There is a list of propositions discussed so far in this site.
Main Body
1: Structured Description
Here is the rules of Structured Description.
Entities:
\(M\): \(\in \{\text{ the metric spaces }\}\), with the topology induced by the metric
\(S\): \(\subseteq M\) such that \(S \neq \emptyset\)
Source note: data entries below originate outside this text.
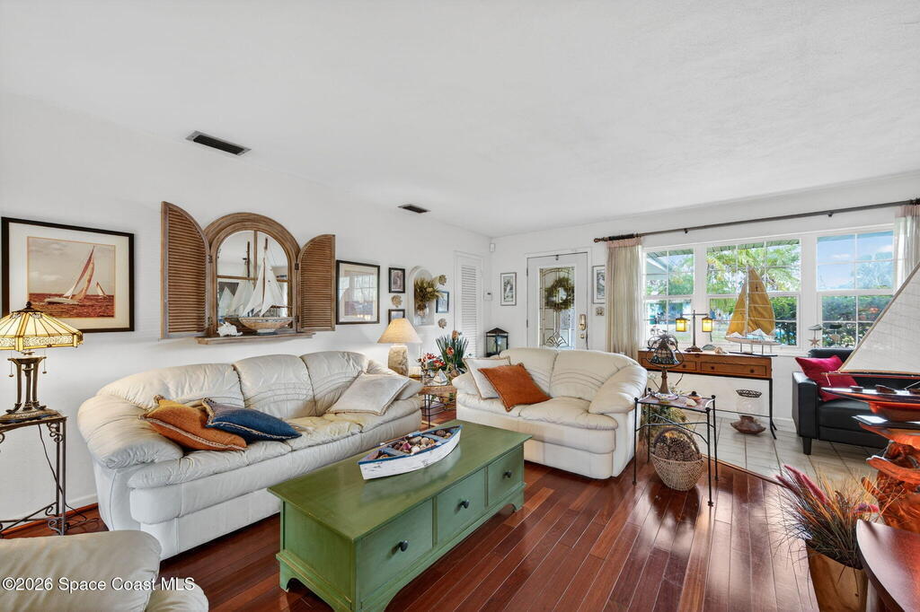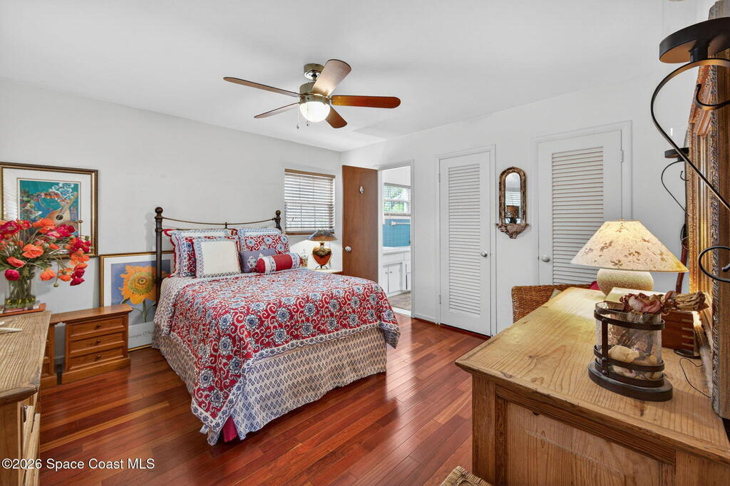 Adorable, charming, and full of character--this cottage-style home is the perfect first or second home! Step inside to beautiful Brazilian cherry wood floors flowing through the living room, primary bedroom, and guest room, complemented by a tiled entry, kitchen, and bathrooms, plus cozy Mohawk Berber carpeting in the office/den/3rd bedroom. Enjoy peace of mind with impact windows throughout (living room sliders excluded), a 2017 roof, sprinkler system, and a detached generator. The fully fenced yard features a double gate--ideal for storing a small boat. Ceiling fans in every bedroom add comfort, while numerous updates elevate the home's move-in readiness. Located just minutes from the Beaches, Historic Downtown Melbourne, FIT and the airport, this property blends convenience with charm. A must-see!
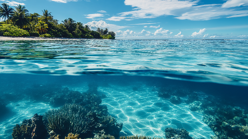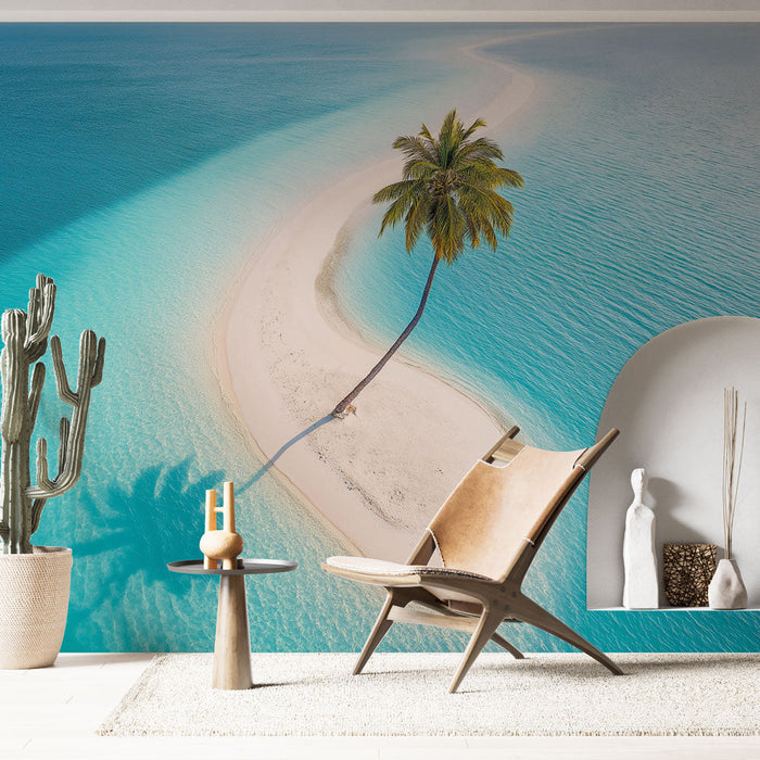 Discover a true tropical paradise with this captivating image of a deserted island surrounded by the turquoise and clear waters of the ocean. A palm tree stands majestically at the top of a fine sandy beach, casting its shadow on the sparkling water. This scene evokes serenity and escape, ideal for beautifying an interior or creating a relaxing atmosphere.
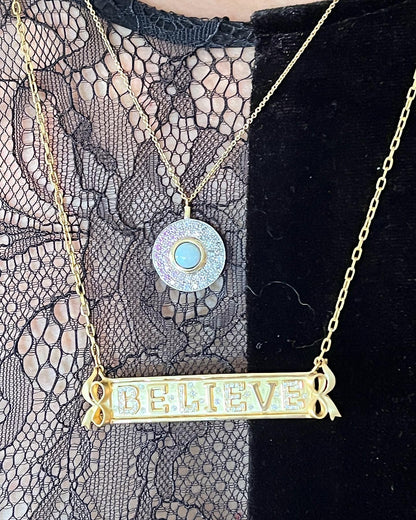 Pink Sapphire Mirror Necklace - 18K Gold & Silver Opal Statement Necklace
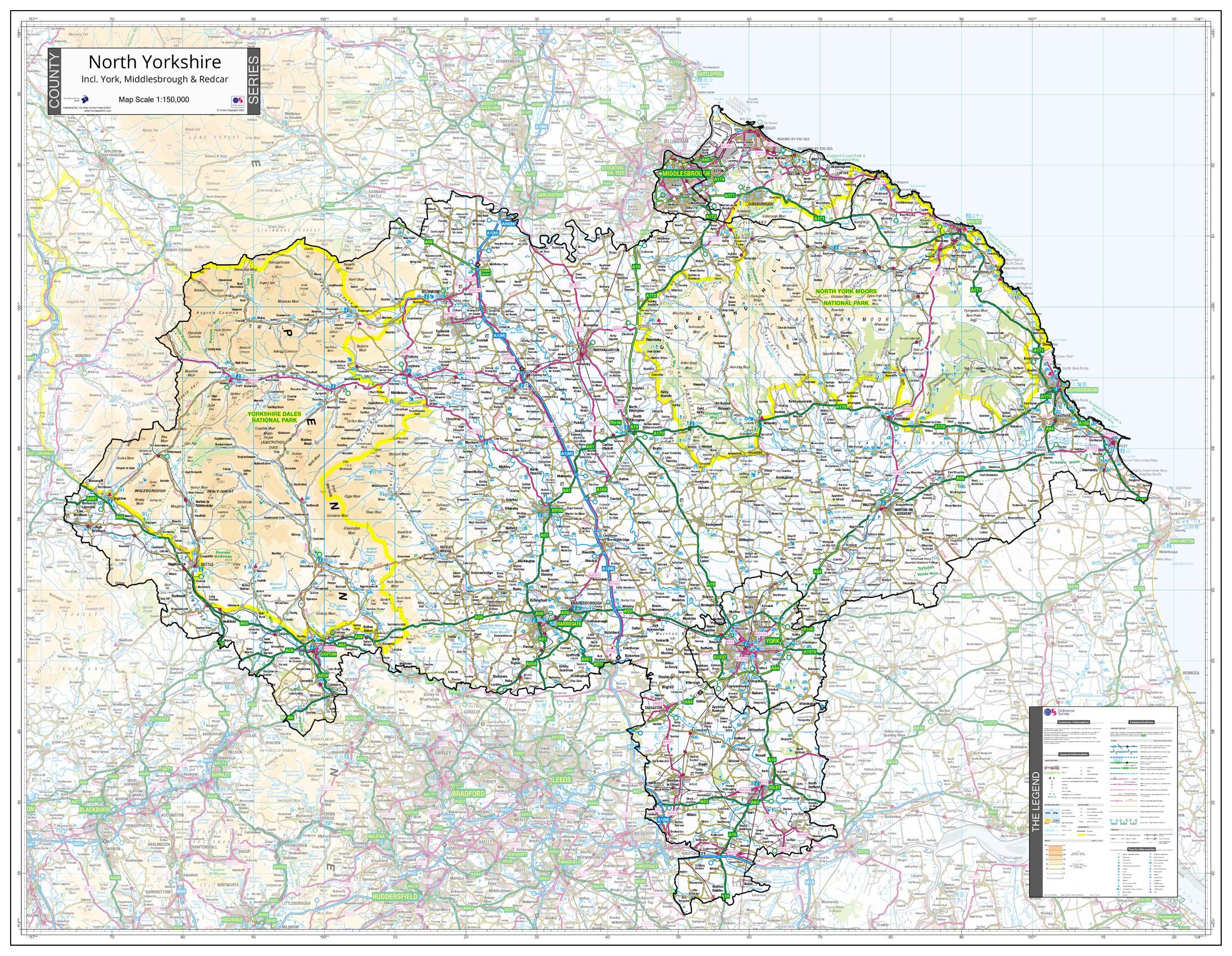 As part of a coordinated series of county maps covering England, Scotland, and Wales, this map of North Yorkshire uses consistent Ordnance Survey cartography to ensure a seamless look when displayed alongside neighbouring counties.

\(\overline{S}\): as the metric subspace
//
Statements:
1) \(\overline{S} \in \{\text{ the compact subsets }\}\)
\(\iff\)
2) \(\forall s: \mathbb{N} \to S (\exists s^` \in \{\text{ the subsequences of } s\}, \exists m \in \overline{S} (s^` \text{ converges to } m))\)
\(\iff\)
3)
(
\(\overline{S} \in \{\text{ the complete metric spaces }\}\)
\(\land\)
\(\forall r \in \mathbb{R} \text{ such that } 0 \lt r (\exists \{s_1, ..., s_{n_r}\} \subseteq S (\overline{S} \subseteq \cup_{j \in \{1, ..., n_r\}} B_{s_j, r}))\)
)
//
2: Note
As an immediate corollary, \(S\) can be taken to be \(M\), then, \(\overline{S} = M\), so, \(M\) is compact if and only if each sequence into \(M\) has a subsequence that converges in \(M\) (which means that \(M\) is sequentially compact) if and only if \(M\) is complete and for each positive real number, there is a set of some finite open balls of the-number-radius that covers \(M\).
"open balls" can be replace by "closed balls", because if there is a set of such open balls for each \(r\), the set of the closed balls of the same radius covers \(\overline{S}\), and if there is a set of such closed balls, for each \(r\), there are an \(r - \epsilon\) such that \(0 \lt r - \epsilon\) and a set of such closed balls with radius \(r - \epsilon\), then, the corresponding open balls of radius \(r\) covers \(\overline{S}\).
2: Proof
Whole Strategy: Step 1: suppose 2); Step 2: see that \(\overline{S}\) is complete; Step 3: see that \(\forall r \in \mathbb{R} \text{ such that } 0 \lt r (\exists \{s_1, ..., s_{n_r}\} \subseteq S (\overline{S} \subseteq \cup_{j \in \{1, ..., n_r\}} B_{s_j, r}))\); Step 4: suppose 3); Step 5: see that 1) holds; Step 6: suppose 1); Step 7: see that 2) holds.
Step 1:
Let us suppose 2).
Step 2:
Step 2 Strategy: Step 2-1: take any Cauchy sequence into \(\overline{S}\), \(f\); Step 2-2: take a sequence into \(S\), \(s\), such that \(dist (s_j, f_j) \lt 2^{-j}\); Step 2-3: see that there is a subsequence of \(s\), \(s^` = s \circ g\), that converges to \(m \in \overline{S}\) and \(f \circ g\) converges to \(m\).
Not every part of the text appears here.